## STORED DATA:
Segment Open
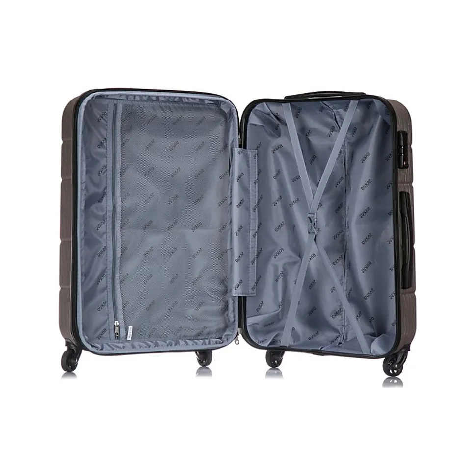 The hard-flex construction of this DUKAP RODEZ luggage set offers maximum strength, durability, and a water-/scratch-resistant finish. It features a full interior fabric lining with a zipper compartment on one side and snap-on straps on the opposite side for easy packing, plus one inside pocket for your convenience.
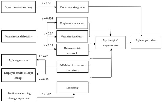According to Civelek [43], the structural equation model is a statistical method for representing the relationship between the variables in a study visually. The variables considered in this study represent the role of psychological empowerment for creating an agile organization. The relationship between the factors of agile organization and the components of psychological empowerment was established in this case. The unit for representing the relationship is the Pearson correlation, which is represented as r in Figure 1. The reason behind denoting the Pearson Correlation as r is the statistical analysis of the samples. The study has found that employee motivation (r = 0.008) has a positive relationship with organizational flexibility. Organization trust (r = 0.27) and the human-centric approach of an organization are showing a strong positive relationship with organizational flexibility.
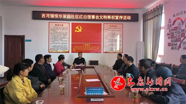 “清明節(jié)是祭奠先人、緬懷逝者、寄托哀思的日子,我們要抓住這個重點時間節(jié)點,通過持續(xù)的宣傳引導(dǎo)和政策解讀,推動移風(fēng)易俗、文明祭掃理念深入人心。”理事會組織社區(qū)干部、部分黨員群眾代表學(xué)習(xí)了《紅白理事會章程》,宣讀了《2024年清明節(jié)文明祭掃倡議書》,安排部署了當(dāng)前森林防火工作,號召大家遵守社會公德,用綠色、健康、簡約的祭掃方式表達(dá)對逝去親人的思念之情,減少集中出行發(fā)生交通堵塞、焚燒紙錢造成火災(zāi)隱患情況發(fā)生。
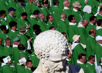 Cada vez es más habitual en Roma, en grandes peregrinaciones y encuentros multitudinarios: centenares o miles de sacerdotes apiñados bajo...
Segment Closed
## YOUR GOAL:
Please retype all of the material exactly, skipping whatever images it holds.

## WRITTEN RESPONSE:
 The hard-flex construction of this DUKAP RODEZ luggage set offers maximum strength, durability, and a water-/scratch-resistant finish. It features a full interior fabric lining with a zipper compartment on one side and snap-on straps on the opposite side for easy packing, plus one inside pocket for your convenience.
According to Civelek [43], the structural equation model is a statistical method for representing the relationship between the variables in a study visually. The variables considered in this study represent the role of psychological empowerment for creating an agile organization. The relationship between the factors of agile organization and the components of psychological empowerment was established in this case. The unit for representing the relationship is the Pearson correlation, which is represented as r in Figure 1. The reason behind denoting the Pearson Correlation as r is the statistical analysis of the samples. The study has found that employee motivation (r = 0.008) has a positive relationship with organizational flexibility. Organization trust (r = 0.27) and the human-centric approach of an organization are showing a strong positive relationship with organizational flexibility.
 “清明節(jié)是祭奠先人、緬懷逝者、寄托哀思的日子,我們要抓住這個重點時間節(jié)點,通過持續(xù)的宣傳引導(dǎo)和政策解讀,推動移風(fēng)易俗、文明祭掃理念深入人心。”理事會組織社區(qū)干部、部分黨員群眾代表學(xué)習(xí)了《紅白理事會章程》,宣讀了《2024年清明節(jié)文明祭掃倡議書》,安排部署了當(dāng)前森林防火工作,號召大家遵守社會公德,用綠色、健康、簡約的祭掃方式表達(dá)對逝去親人的思念之情,減少集中出行發(fā)生交通堵塞、焚燒紙錢造成火災(zāi)隱患情況發(fā)生。
 Cada vez es más habitual en Roma, en grandes peregrinaciones y encuentros multitudinarios: centenares o miles de sacerdotes apiñados bajo...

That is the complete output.